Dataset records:
Start of Block
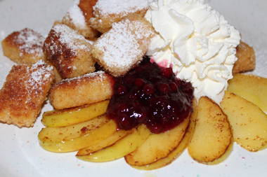 8.Auf jedes Tortenstück einen Sahnetupfen spritzen
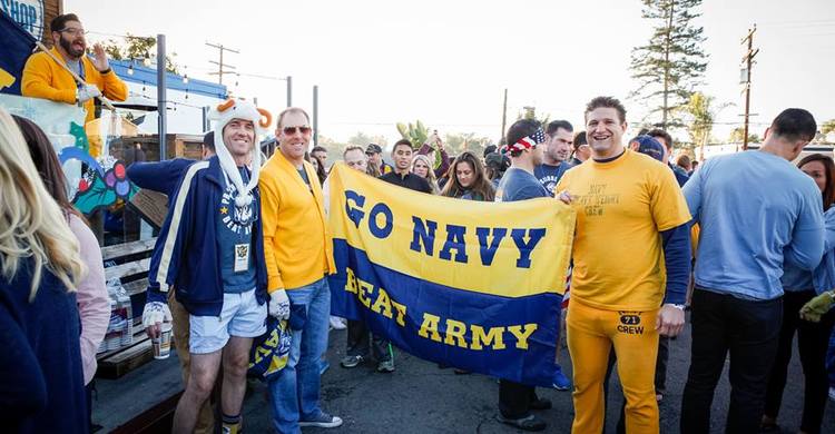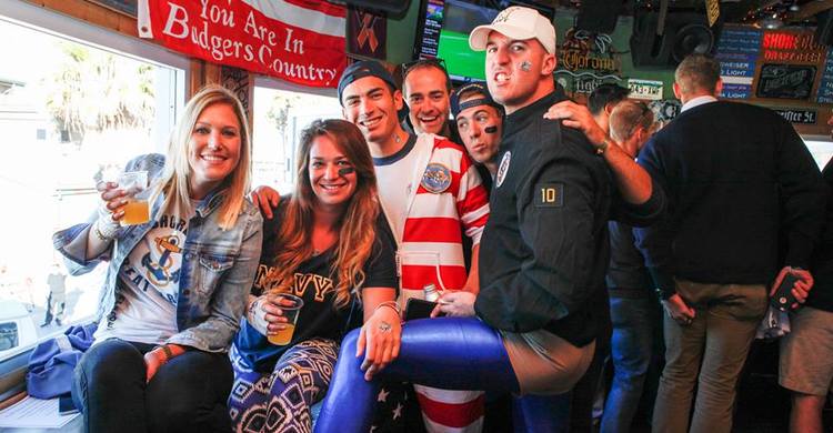 March On festivities from PB Fish Shop - 2019 Beat Army Shirt - Signature PB Shore Club Navy Drinking Glove
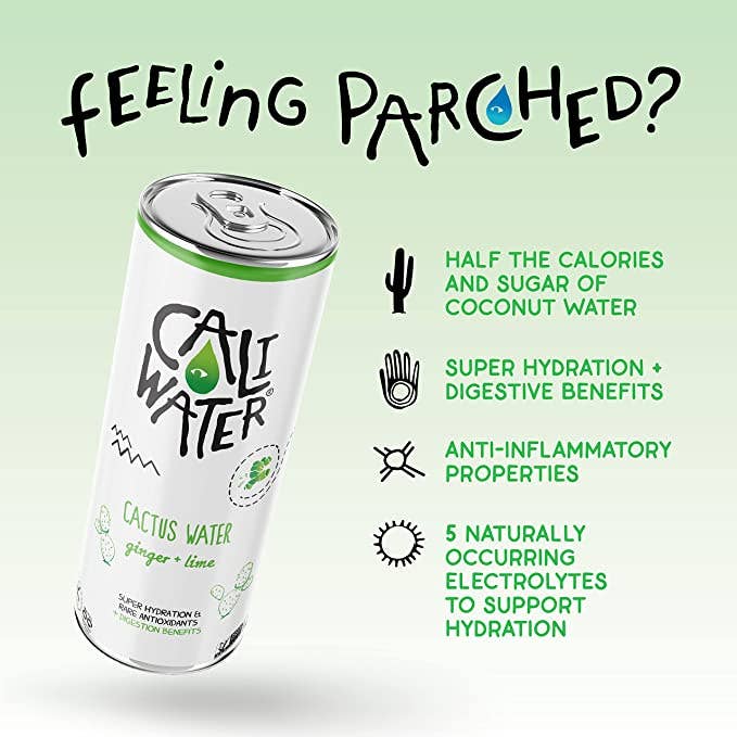 Open your mind to world of Cactus Water! The ultimate “SuperDrink”, our Ginger & Lime contains all the rare antioxidants to boost health and hydration, but with added digestion benefits! With 200mg of Nopal Cactus Extract, it’s the perfect mixer for cocktails! Each can contain 25 calories, is Kosher, Vegan & Non-GMO.
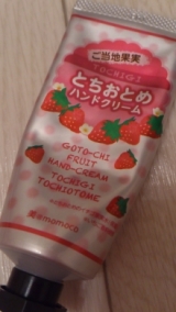 最近の大のお気に入りハンドクリーム ご当地果実 とちおとめ!!! なんだか懐かしい、お菓子のような イチゴの香りです!! いちごミルクのような 甘々なのを想像してましたが さっぱりした香りです 意外と男性ウケが良い気がします さっぱりしているので 何度も塗りなおりが必要ですが すぐにスマホ… 2013/01/25
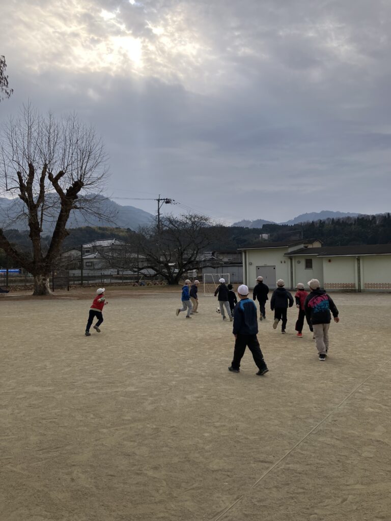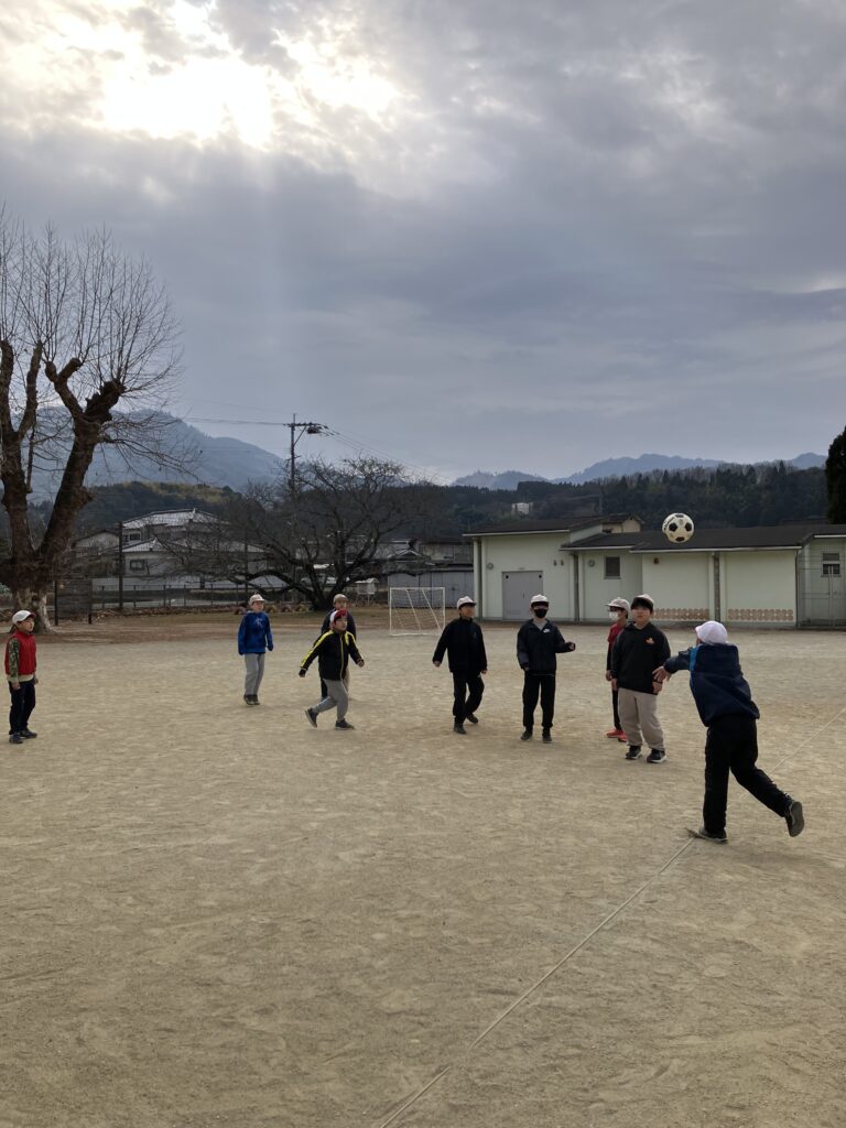 中休み、今日は、中学年がミニサッカーをしていました。これまで、4年生が単独ですることがほとんどでしたが、今日は、3年生と4年生が入り混じって試合をしていました。
End of Block
# [What you will do]
The answer consists solely of the lines from the one holding "Open your mind" through the last line of the entries above, set down verbatim, without any pictures.

# [Written reply]
 Open your mind to world of Cactus Water! The ultimate “SuperDrink”, our Ginger & Lime contains all the rare antioxidants to boost health and hydration, but with added digestion benefits! With 200mg of Nopal Cactus Extract, it’s the perfect mixer for cocktails! Each can contain 25 calories, is Kosher, Vegan & Non-GMO.
 最近の大のお気に入りハンドクリーム ご当地果実 とちおとめ!!! なんだか懐かしい、お菓子のような イチゴの香りです!! いちごミルクのような 甘々なのを想像してましたが さっぱりした香りです 意外と男性ウケが良い気がします さっぱりしているので 何度も塗りなおりが必要ですが すぐにスマホ… 2013/01/25
 中休み、今日は、中学年がミニサッカーをしていました。これまで、4年生が単独ですることがほとんどでしたが、今日は、3年生と4年生が入り混じって試合をしていました。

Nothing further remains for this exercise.